• _Your objective_
In the listing beneath this line, copy exactly the lines starting with the one containing "Les vestiges du" and going on through the one containing "π banarasi shimmer".

• _Records to use_
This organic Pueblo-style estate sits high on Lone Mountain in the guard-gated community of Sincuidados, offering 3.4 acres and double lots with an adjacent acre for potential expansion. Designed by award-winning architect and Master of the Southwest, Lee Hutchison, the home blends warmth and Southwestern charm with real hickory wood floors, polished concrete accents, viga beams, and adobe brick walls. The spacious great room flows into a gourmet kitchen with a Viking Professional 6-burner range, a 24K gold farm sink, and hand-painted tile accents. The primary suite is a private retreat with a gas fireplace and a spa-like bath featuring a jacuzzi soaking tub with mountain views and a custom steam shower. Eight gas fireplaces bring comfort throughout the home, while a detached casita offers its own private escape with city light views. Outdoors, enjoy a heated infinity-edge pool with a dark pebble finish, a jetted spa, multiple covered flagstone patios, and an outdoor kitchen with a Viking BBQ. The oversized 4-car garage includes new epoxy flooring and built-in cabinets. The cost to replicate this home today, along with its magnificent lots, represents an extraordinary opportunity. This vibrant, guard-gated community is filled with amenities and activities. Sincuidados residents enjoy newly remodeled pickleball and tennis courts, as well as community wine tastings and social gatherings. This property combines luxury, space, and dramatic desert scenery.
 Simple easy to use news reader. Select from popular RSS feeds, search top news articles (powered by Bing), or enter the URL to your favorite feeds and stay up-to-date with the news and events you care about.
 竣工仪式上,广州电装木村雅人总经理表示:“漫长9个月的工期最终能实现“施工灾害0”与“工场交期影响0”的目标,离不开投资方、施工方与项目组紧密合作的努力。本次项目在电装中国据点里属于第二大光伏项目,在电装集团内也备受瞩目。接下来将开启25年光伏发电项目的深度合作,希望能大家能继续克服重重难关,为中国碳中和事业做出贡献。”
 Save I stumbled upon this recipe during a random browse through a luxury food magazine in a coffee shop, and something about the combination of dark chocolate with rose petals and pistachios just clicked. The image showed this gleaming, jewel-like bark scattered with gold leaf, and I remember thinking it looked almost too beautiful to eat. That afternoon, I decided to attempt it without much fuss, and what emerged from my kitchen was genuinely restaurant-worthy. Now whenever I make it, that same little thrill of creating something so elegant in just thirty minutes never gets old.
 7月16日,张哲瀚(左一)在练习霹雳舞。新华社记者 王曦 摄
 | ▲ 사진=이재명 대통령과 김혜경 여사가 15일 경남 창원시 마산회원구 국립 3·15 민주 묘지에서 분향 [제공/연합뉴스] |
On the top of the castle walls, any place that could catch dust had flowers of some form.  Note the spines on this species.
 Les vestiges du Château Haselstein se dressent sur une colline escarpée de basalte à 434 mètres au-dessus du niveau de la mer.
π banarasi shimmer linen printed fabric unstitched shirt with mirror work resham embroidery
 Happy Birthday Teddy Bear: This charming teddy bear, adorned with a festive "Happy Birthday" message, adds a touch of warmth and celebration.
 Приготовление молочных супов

• _Answer to this task_
 Les vestiges du Château Haselstein se dressent sur une colline escarpée de basalte à 434 mètres au-dessus du niveau de la mer.
π banarasi shimmer linen printed fabric unstitched shirt with mirror work resham embroidery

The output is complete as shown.